If you prefer a non-AI interview format, we will gladly provide an alternative.
Technical or Case Interviews (Role-Dependent):
When applying for certain tech jobs, you may participate in:
- A technical interview
- A coding challenge
- A case study
- A client-specific assessment
We will always explain what to expect in advance so you can prepare with confidence.
Human Review & Selection:
Every candidate's profile including interviews, conversations, and assessments is reviewed by experienced recruiters and hiring leaders.
AI insights may assist with organization and evaluation, but final decisions are always human-driven.
Your Rights as a Candidate:
At PTP, every candidate has the right to:
Request a non-AI interview path
Ask how your data is being used
Request access to transcripts or interview recordings
Request deletion of your AI-recorded interview
Receive clear, timely communication
Our goal is to ensure you feel respected, informed, and supported throughout your experience.
Our Commitment:
For more than 28 years, PTP has focused on putting people first candidates, consultants, employees, and clients.

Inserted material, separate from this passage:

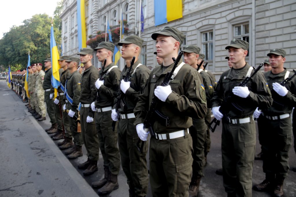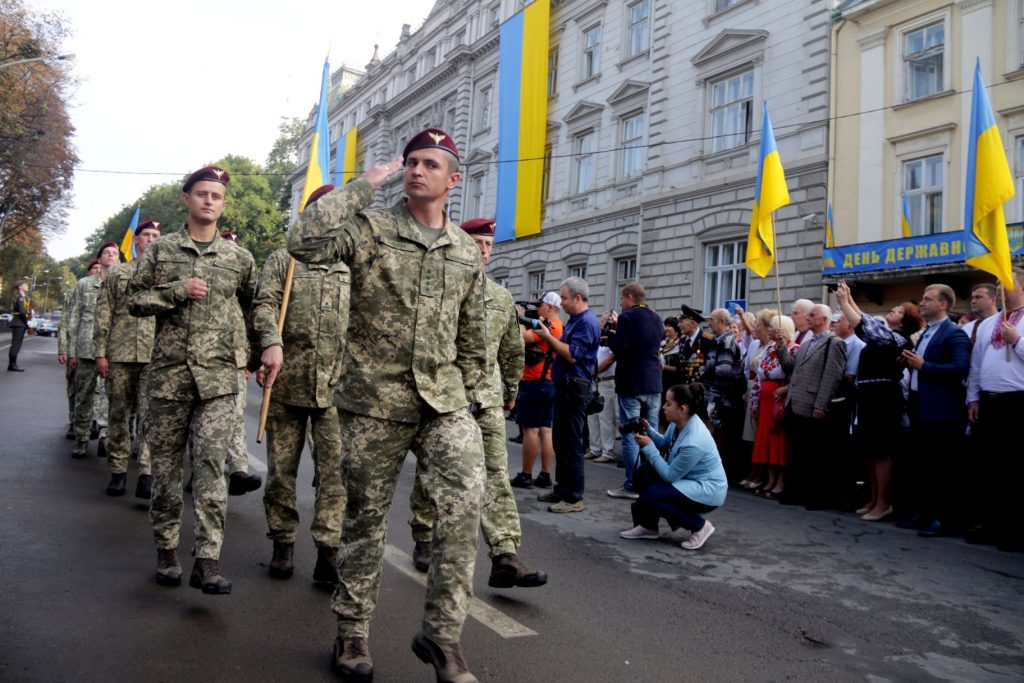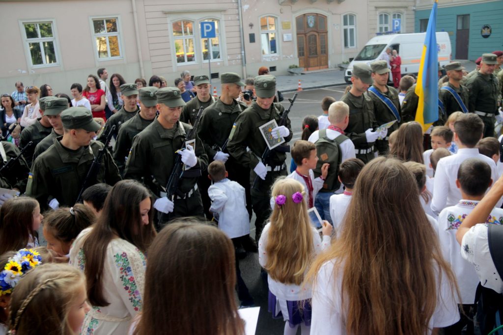 У межах заходу курсанти роти почесної варти Національної академії сухопутних військ імені гетьмана Петра Сагайдачного пройшли урочистим маршем, а вихованці центру науково-технічної творчості подарували військовослужбовцям листівки та браслети-обереги.

We're committed to a hiring process that is:
- Transparent
- Compliant
- Equitable
- Powered by innovative technology that enhances not replaces human judgment
Welcome to the future of hiring at Peterson Technology Partners.
We're excited to learn more about you.
Equal Employment Opportunity:
Peterson Technology Partners is an Equal Opportunity Employer. All qualified applicants will receive consideration without regard to race, color, religion, national origin, gender identity, sexual orientation, disability, veteran status, or any other protected characteristic.